In the central nervous system, gliadorphins bind to opioid receptors ($\mu$-opioid receptors) – the exact same ones targeted by endorphins and highly addictive external substances. This induces a temporary, biochemical state of specific contentment, followed by a neurochemical craving once it subsides. This gives rise to a brain-stimulated, pathological increase in appetite (averaging around 400 kcal per day according to researchers studying this phenomenon) and a compulsive, almost physical urge to reach for another portion of carbohydrates, locking the individual in a trap of addiction.

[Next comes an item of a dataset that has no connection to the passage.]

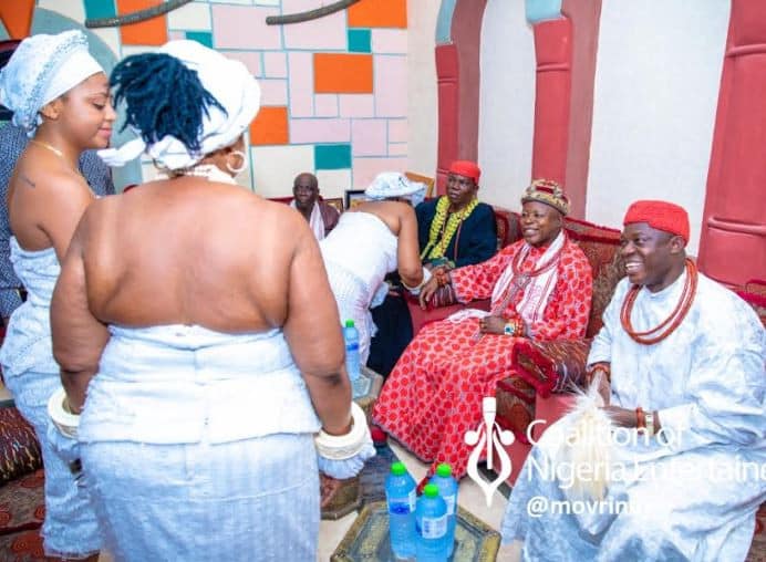 Colleagues of Actress Regina Daniels in the Nollywood Industry, members of Coalition of Nigeria Entertainers and other celebrities which includes, Amb. Kenule Nwiya, Chinedu Ikedieze, Charles Inojie, Ejike Asiegbu, Sydney Sparrow, Vichiano, MC Bob, Shortcut, MC Papi, Movrine studios etc were all present at the induction ritual ceremony.

Summary: From Coincidence to Laboratory Precision

In this way, the wheel of manipulation comes full circle. The structural changes introduced to wheat in the last century through intensive selection – officially aimed solely at increasing plant resilience and maximising yields – shaped a substance akin to a biochemical drug.

However, the true turning point occurred when this addictive mechanism was noticed by the system. When giant food corporations and agribusiness realised what a powerful tool for market control and consumption stimulation they held in their hands, an accidental side effect became an intentional food design strategy. From that moment until today, this biochemical trap has been exploited on a mass scale with ever-greater laboratory and scientific precision. Modern food is not meant to nourish us – it is meant to sustain hunger and perpetuate dependency, severing the individual from their natural, biologically pure sovereignty.